Ever since wireless number portability became the law of the land about seven years ago, wireless companies have been struggling with a big problem: customer retention. Once, customers stayed with carriers they weren't entirely pleased with in order to avoid changing their phone numbers. Now that customers can wander at will without penalty at the end of their contract periods, wireless companies have had to work harder to keep their customers.
T-Mobile (News - Alert) USA, the fourth largest U.S. wireless provider, has been feeling the pain, according to Business Insider. Solving unacceptable customer churn has been identified as one of the carrier's biggest challenges for the next few years, executives said at a media breakfast this morning.
Each month, more than two percent of T-Mobile's subscribers who were on long-term contracts leave the service. That translates to about 25 percent customer churn each year. It's also double the churn rates of T-Mobile competitors AT&T and Verizon (News - Alert) Wireless.
High customer churn costs a great deal of money. As the old mantra goes, it's far cheaper to keep a customer than it is to win a new one. So, says Business Insider, if T-Mobile is going to become more successful and more profitable, it's going to have to tackle its churn problem. The company's executive layer has been very forthcoming about this.
But it's easier said than done.
As some first steps, T-Mobile has changed leadership and started to tie executive compensation to churn. It is using more help from its parent company, Deutsche Telekom. It also a plan to deal with the fact that it doesn't offer customers the iconic Apple (News - Alert) iPhone.

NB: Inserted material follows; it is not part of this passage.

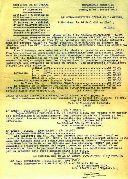 Volviendo por un momento al tema de las Ruby y las Star 1914 reglamentarias francesas encontré por ahí este interesante documento de 1915 en el que se hace referencia a ellas.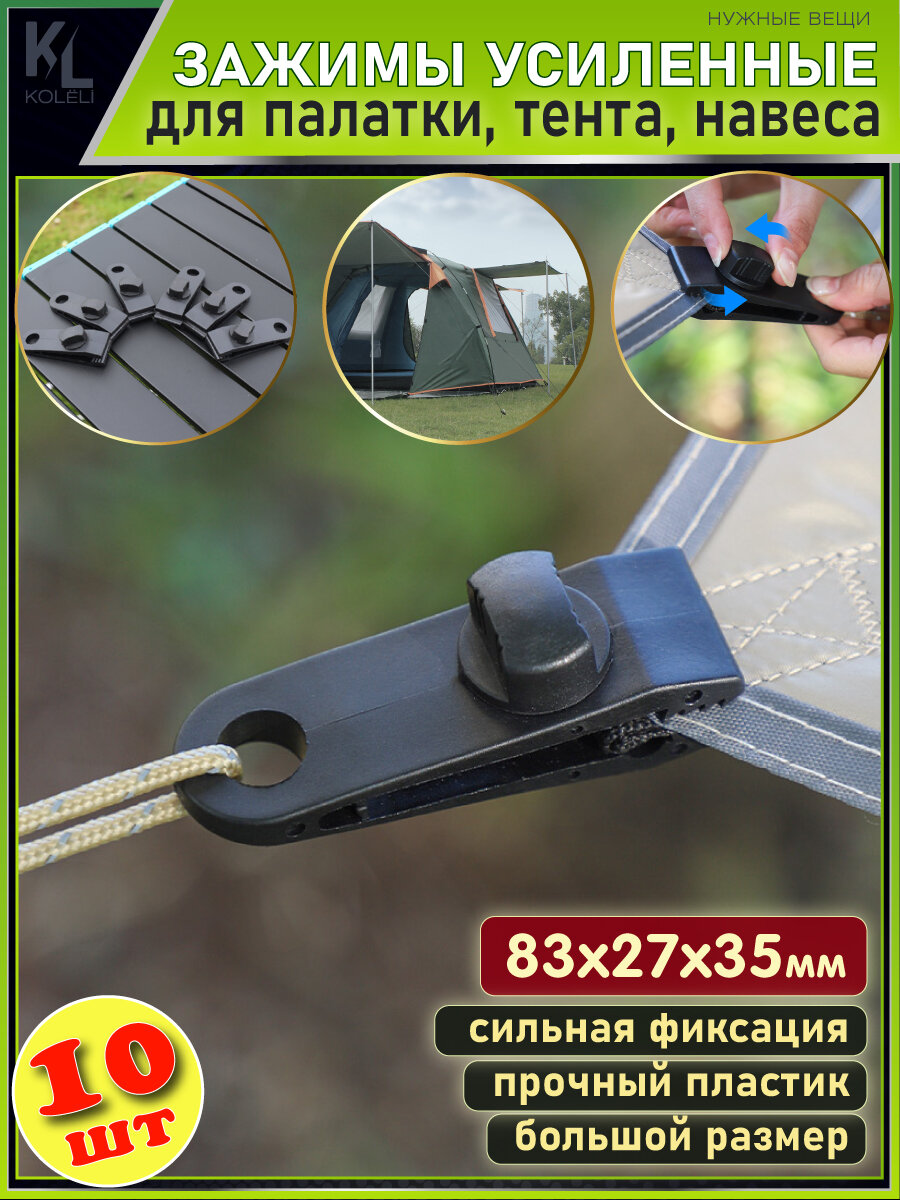 KoLeli / Зажимы усиленные "крокодильчик" / Комплект зажимов для брезента, для установки палатки, тента, 10 шт. интересное:

The goal, apparently, is to get close to 2 percent churn in 2011 and less than 1.8 percent in 2012, which sounds very ambitious.
According to Fierce Wireless, T-Mobile CEO Philipp Humm has unveiled a comprehensive turnaround plan he said will revitalize the company. In addition to reducing churn, goals include growing revenues, pursuing new markets (such as the enterprise market) and considering strategic alternatives such as network sharing, partnerships and even spectrum leasing.
And the fact that the company doesn't offer the iPhone? Humm credits at least 10 percent of T-Mobile's churn to this: customers defecting to AT&T (and now Verizon) in search of their coveted iPhone. Hamm has said the company plans to offset their iPhone-less state by launching a lot more Android handsets. As Google's (News - Alert) Android platform becomes more popular and continues to close the gap between itself and the iPhone in terms of sales and penetration, T-Mobile's Android-heavy future plans might help close the churn gap.